Taking this a step further, there's evidence that a series of rituals connected to the series of towers on Tamriel formed specific version of reality into one common history. That is, at the beginning Aldmeris was fractal. The beings that lived there existed as multiple forms all at once. Different means of stabilizing reality developed: Yffre and the green song created a natural environment in which spirits could thrive. The Ayleids built a tower in the mold of Ada-Mantia. The Altmer built a crystal tower representative of their eternal law and imagining theirs to be the perfected society. And so forth. These created pockets of reality where only one timeline could exist.

Whatever its original use by the Ayleids, the White-Gold Tower was taken over by men and Alessia's covenant with Akatosh represented Cyrodiilic reality favoring men (the seal against Oblivion was only part of that).
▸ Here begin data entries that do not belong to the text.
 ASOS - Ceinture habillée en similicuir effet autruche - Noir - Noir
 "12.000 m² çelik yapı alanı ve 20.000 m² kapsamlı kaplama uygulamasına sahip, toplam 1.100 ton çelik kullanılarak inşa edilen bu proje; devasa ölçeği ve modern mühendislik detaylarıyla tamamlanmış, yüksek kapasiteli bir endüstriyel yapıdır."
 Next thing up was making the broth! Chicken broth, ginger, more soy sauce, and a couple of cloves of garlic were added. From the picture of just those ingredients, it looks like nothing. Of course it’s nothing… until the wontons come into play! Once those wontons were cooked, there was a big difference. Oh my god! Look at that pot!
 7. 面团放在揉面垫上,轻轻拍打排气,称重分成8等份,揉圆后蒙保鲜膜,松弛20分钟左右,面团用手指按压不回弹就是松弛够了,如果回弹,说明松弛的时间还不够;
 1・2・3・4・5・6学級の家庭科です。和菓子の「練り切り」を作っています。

Out of this covenant reality, an obscure event which resulted in history's biggest Dragon Break changed everything. This was a period of probably 1000 years in which everyone has a different reckoning of history. Eight stars are said to have fallen from heaven to the earth. This is one of the few events everyone holds in common. This period is called the Middle Dawn.
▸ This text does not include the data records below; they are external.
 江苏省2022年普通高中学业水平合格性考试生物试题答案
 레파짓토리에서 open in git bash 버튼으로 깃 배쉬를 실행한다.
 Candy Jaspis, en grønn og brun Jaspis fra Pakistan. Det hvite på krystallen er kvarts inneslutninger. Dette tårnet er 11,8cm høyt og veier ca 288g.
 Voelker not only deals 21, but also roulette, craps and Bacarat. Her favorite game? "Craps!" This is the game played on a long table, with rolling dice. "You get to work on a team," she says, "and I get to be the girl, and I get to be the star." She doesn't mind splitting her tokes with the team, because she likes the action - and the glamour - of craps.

It seems likely that what happened was that you have a situation where reality is fractal in Aldmeris, then somehow a tower is built. That tower represents the one reality. For a while, there was only Summerset for the Altmer. This is why they investigated Tamriel and found it to be empty: wild bird beings living where the Ayleid capital would be. The Middle Dawn represented these realities - eight and one of them at least - converging to share a common history. In TES, history can be retroactively rewritten.

It is even suggested that maybe the idea of eight Aedra come from this event. We know that one of the groups that might have triggered the Middle Dawn - the Marukhati Selectives - were all about worshipping only One god.

It's possible that the Aedra themselves are only a consequence of Ayleid meddling. The Ayleids really liked the number 8, and they did some weird magic in response to the human rebellion against them. They split their "Staff of Towers" into 8 pieces and carried them away to 8 "fold-places" (different realities?).

In any event, we actually know very little of Marukh and the events of the First Era (mostly coming to us from the mouths of Nord and Dunmer historians).

The point of this being that reality more so created the Aedra than the Aedra created reality.

The Aedra are just pieces of powerful spirits who gave up their spiritual lives, and then had their corpses all split up into different parts by powerful magic and so forth.

I write this to clarify questions such as: which Aedra is Shor? The two are not compatible ideas. Shor is a reflection of that more mythic beginning going back to the light vs the serpent. The Aedra are more specific to Nirn and its mundane histories. That's not to say there aren't connections and parallels. It's just that by understanding the big picture, you can make sense of what's going on a bit better.